2005-03-27 21:23:37 | 本と雑誌
 三浦しをんさんの本を読むのは初めて。『むかしのはなし』(幻冬社)は出版社から何の前触れもなく送られてきたので、たぶん私の興味の範疇に入ると編集さんが判断してくれたのでしょう。まったく予備知識なしで手に取りました。

 「ラブレス」は「かぐや姫」、「ロケットの思い出」は「花咲か爺」というぐあいに、日本の昔話をヒントにした7つの作品が並んでいます。といっても、もとの話との関係はかなり微妙。ねじくれ、はぐらかしての照応ぶりで、そのあたり、作者の意地悪かつユーモラスな視線が魅力的。

 でも、これは現代の男女関係の話でオレには物足りないかな、と思っていたら、4作目の「入り江は緑」あたりから妙なことになってきた。背景にSF的要素が導入されているのです。(ただし、木星の基地で1年の任務を果たして地球に帰ると20年が過ぎているなどというあたりは、もう少し何とかならないものでしょうか。誰かにちょっと聞けばいいのに)

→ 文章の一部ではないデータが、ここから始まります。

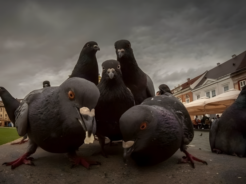 These pigeons seemed ready for a showdown, feathers fluffed and eyes locked. Then a single breadcrumb dropped, and tensions vanished in an instant. It is a comical reminder of how quickly priorities can change.
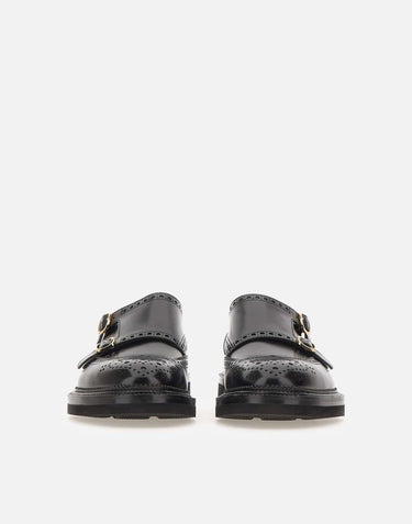 Mocassini Santoni "Kalamabuk" da uomo, realizzati in pregiata pelle nera con elegante doppia fibbia dorata. La tomaia è impreziosita da impunture a nido di rondine e punta tonda che ne esaltano lo stile classico. Soletta logata e suola in gomma con tacco da 3 cm per il massimo comfort e stabilità. Calzata regolare. Made in Italy. Custodia singola in tessuto inclusa.
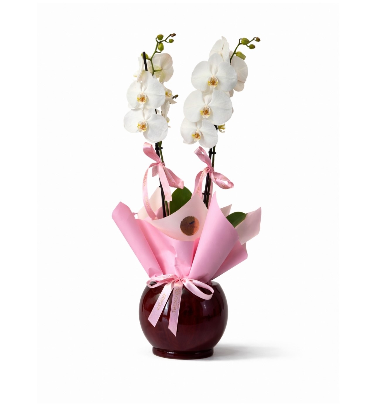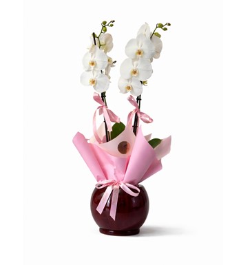 Pure Elegance, sadeliğin ve zarafetin en sofistike halini yansıtan çift dal beyaz phalaenopsis orkide aranjmanıdır. Saf beyaz orkide çiçekleri, zarif ve dengeli formuyla bulunduğu ortama ferah ve prestijli bir atmosfer kazandırır.
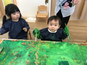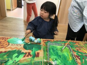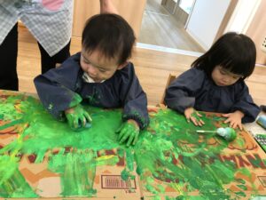 大きな段ボールに緑、黄緑、黄色を筆や刷毛、スポンジ、たんぽを使って色塗り。
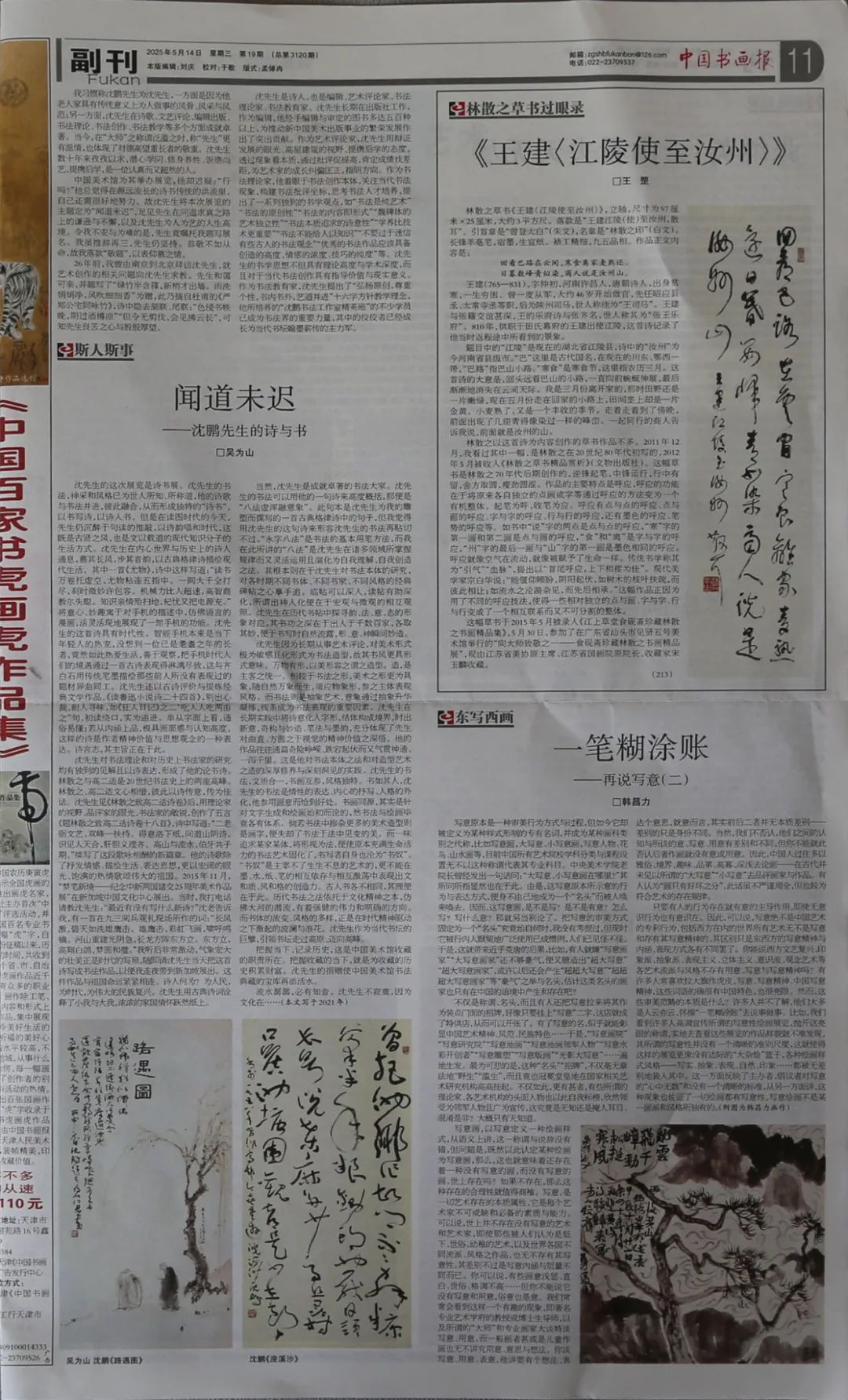 林散之草书《王健<江陵使至汝州>》,2015年5月,著录于《江上草堂食砚斋珍藏林散之书画精品集》,第111页。5月30日,参加在广东省汕头市见贤五号美术馆“向大师致敬——食砚斋珍藏林散之书画精品展”。2025年5月14日,配文发表在《中国书画报》第11版。
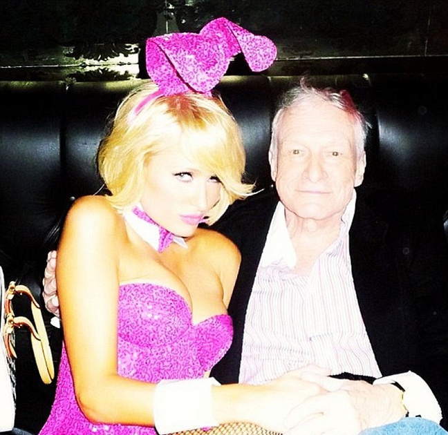 Η 32χρονη Paris Φόρεσε μια φούξια στολή με μεγάλα αυτιά και πόζαρε στην αγκαλιά του Hugh Hefner.
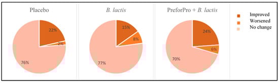The GI health questionnaire scores corresponded to priority levels of mild (0–24 total points), moderate (25–48 total points), or severe (49–280 total points) symptoms in each of the target areas. Using these priority scores, we were able to calculate whether participants’ symptoms qualitatively worsened, improved, or stayed the same during the study (Figure 3). Regardless of the treatment group, most participants experienced no change in the overall priority level of their perceived GI distress. Only a small percentage of participants experienced an overall worsening of priority status from baseline to follow-up, with the lowest percentage of participants in the placebo group (2%) and the highest percentage in the B. lactis group (8%) moving from a lower to a higher priority score. The PreforPro + B. lactis group saw the greatest percentage (24%) of participants with overall improvements in the priority status of their symptoms (i.e., moved from a higher to a lower priority ranking). In comparison, only 15% of participants on B. lactis alone moved to a lower priority score after treatment.
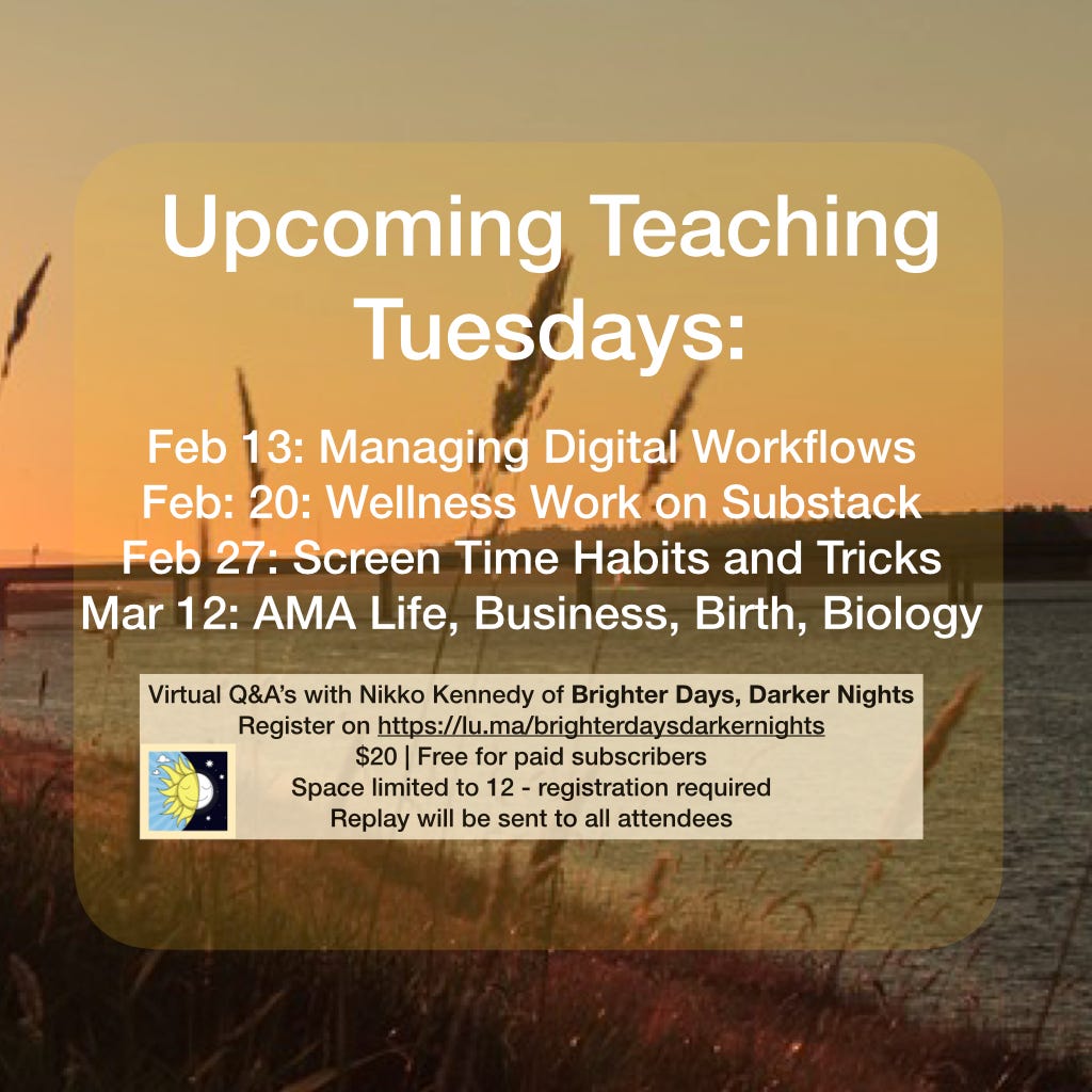 Thank you to all the folks who have been so interested in all this work and so generous in their ideas and requests for topics. I promised my Practitioner group I’d do some business and marketing coaching once per quarter, so here are the dates for these events (all are welcome, but there’s a small ticket price for those who aren’t paid subscribers of Brighter Days, Darker Nights to help me make time for the extra work with sending replays outside of the locked community event page).

 このSF的設定はその後の短編でも共通していて、つまり、単に昔話を下敷きにしたものというだけでなく、現在から未来に向けての日常風景を断続的に描くオムニバス作品となっているのです。
 そして最後の作品に至って、設定が効果的にはじけるところが見事。

 「懐かしき川べりの町の物語せよ」というタイトルのこの中篇は「桃太郎」が下敷き。「モモちゃん」という際立ったキャラの男子高校生が登場します。痛快で切ない「ひと夏の経験」の物語。『八月の濡れた砂』あたりの日活青春映画を思わせ、しっかりとツポに嵌まりました。
 また、「お供」としてトリコ(鳥子)という女性が登場する(雉の役割ですね)のも、個人的にはワクワク(いや、たまたまそんな名前の人を知っているというだけで、それ以上の意味はありません)。もちろん犬や猿に相当する人物もいます。

 この作品ひとつで、本書は記憶に値するものになっているといっていいでしょう。
 そういえば、カバーの下の表紙の装幀には多摩川の中洲と思しき写真が使われていて、「懐かしき……」の舞台と主人公たちの心象を表しているかのようです。